What is needed is an exact copy of the lines in the entries below from the one holding "Сладкий и острый" through the one holding "Mela, dattero (dattero, farina", pictures excluded.
++++ Data ++++
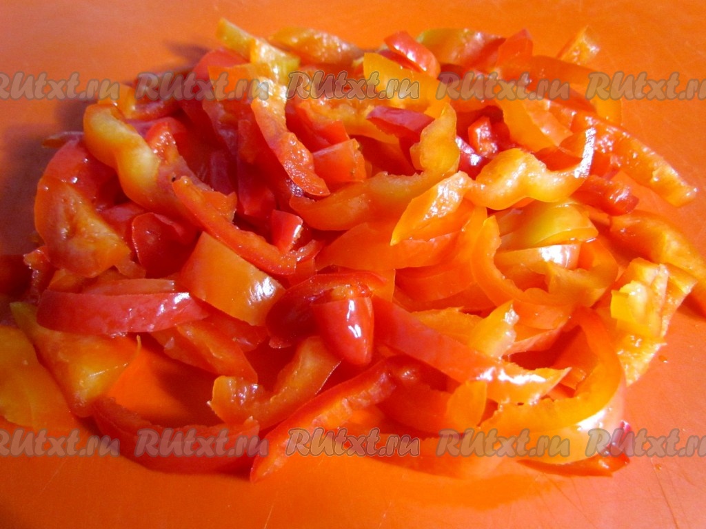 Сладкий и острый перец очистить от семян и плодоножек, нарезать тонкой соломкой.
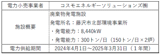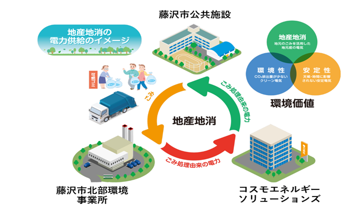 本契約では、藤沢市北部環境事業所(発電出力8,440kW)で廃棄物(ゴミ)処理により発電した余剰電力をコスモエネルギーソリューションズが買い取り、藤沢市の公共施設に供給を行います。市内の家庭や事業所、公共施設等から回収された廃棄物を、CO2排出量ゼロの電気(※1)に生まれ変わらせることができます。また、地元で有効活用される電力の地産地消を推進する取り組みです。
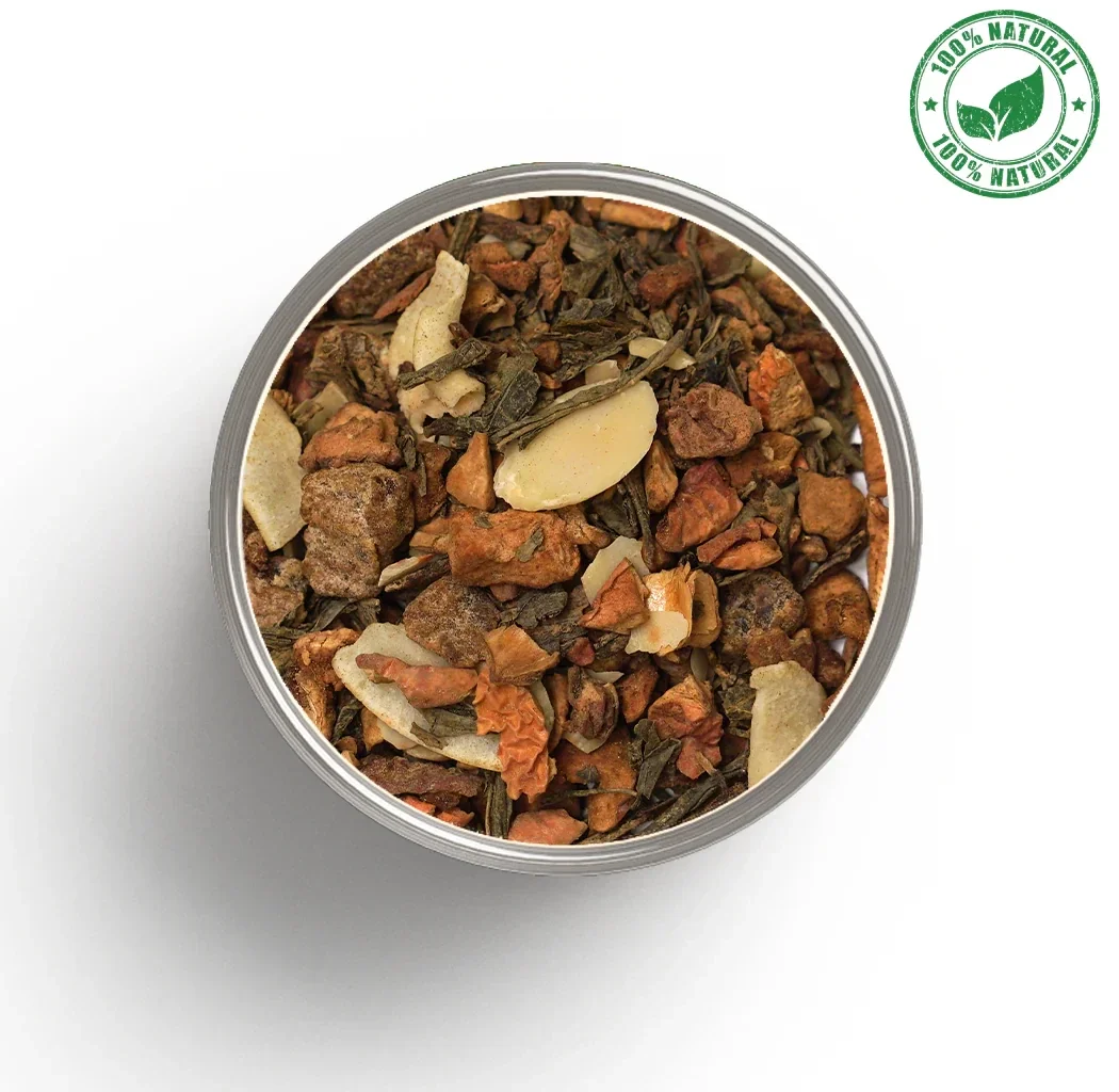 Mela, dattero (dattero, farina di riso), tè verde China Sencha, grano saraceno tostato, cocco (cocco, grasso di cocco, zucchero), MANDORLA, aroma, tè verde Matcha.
++++
++++ Data ++++
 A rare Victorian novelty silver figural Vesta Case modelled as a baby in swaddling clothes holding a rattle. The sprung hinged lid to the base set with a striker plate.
++++
* Task answer *
 Сладкий и острый перец очистить от семян и плодоножек, нарезать тонкой соломкой.
 本契約では、藤沢市北部環境事業所(発電出力8,440kW)で廃棄物(ゴミ)処理により発電した余剰電力をコスモエネルギーソリューションズが買い取り、藤沢市の公共施設に供給を行います。市内の家庭や事業所、公共施設等から回収された廃棄物を、CO2排出量ゼロの電気(※1)に生まれ変わらせることができます。また、地元で有効活用される電力の地産地消を推進する取り組みです。
 Mela, dattero (dattero, farina di riso), tè verde China Sencha, grano saraceno tostato, cocco (cocco, grasso di cocco, zucchero), MANDORLA, aroma, tè verde Matcha.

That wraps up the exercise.